**Work task**
Please say how many lines in the material include the string "Students", and nothing else.

------------------------------

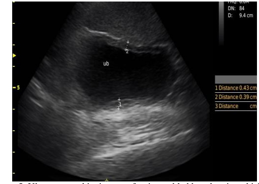
Figure 5 Ultrasonographic image of urinary bladder showing thickened bladder wall (white arrow),turbid content(blue arrow) with corrugated wall of urinary bladder with clear distinction of submucosa, muscularis and serosa indicating cystitis.
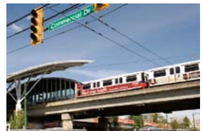
The SkyTrain is on our doorstep!

This new Seniors Housing offers intimate, well designed, comfortable and affordable living for seniors. Located near Commercial Drive, near parks and recreation facilities, near public transportation and within a "walkable" community. You will not find a better setting for seniors who want to enjoy the benefits of the "total community". Right on our doorstep!
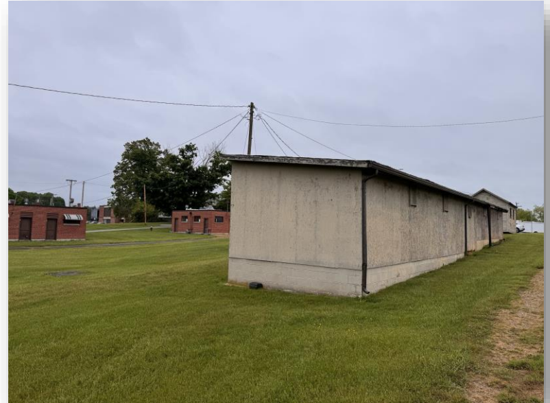
VIEW TO THE SOUTHEAST
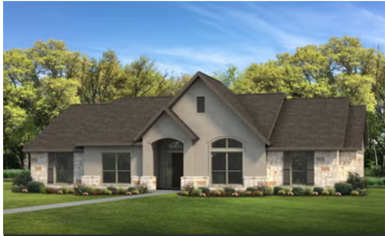
Elevation B | The Magnolia
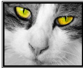
Animal – First Place Wayne Wood
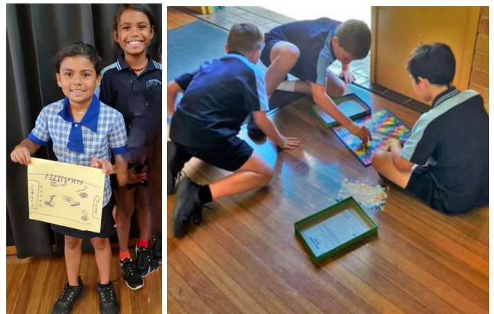
Students testing and prototyping games.

This term, students in years 3 and 4 have been studying a unit about forces. As part of this unit, they have been challenged to create an indoor game for children their age that makes use of at least one force. Students had a full-day workshop with the RASE Project Officers to brainstorm ideas, then plan and prototype their solutions.
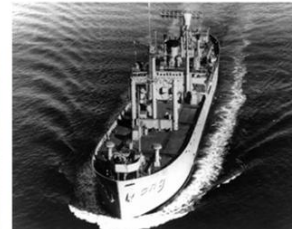
USS INVESTIGATOR AGR-9
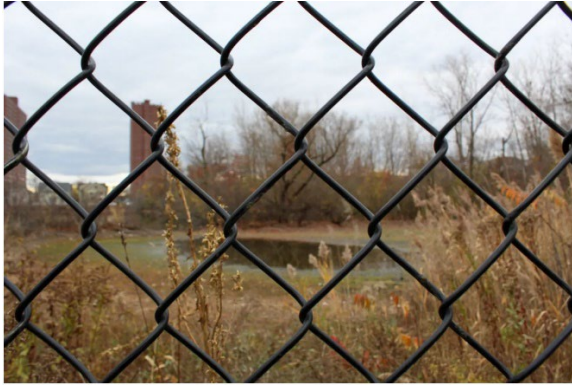
Jerry's Pond, also known as "Jerry's Pit," has been fenced-in and overgrown since 1961.

We're planning art-making activities, invasives wrangling, native garden weeding, a bit of clean-up, Audubon wildlife handling, entertainment by Bengali dancers, a honk band, and an ice cream truck! We'll have tabling with updates on IQHQ's reopening of the pond to public access, a proposed "EcoCenter," plans for Community Garden, and other great proposals.

------------------------------

**Finished exercise**
2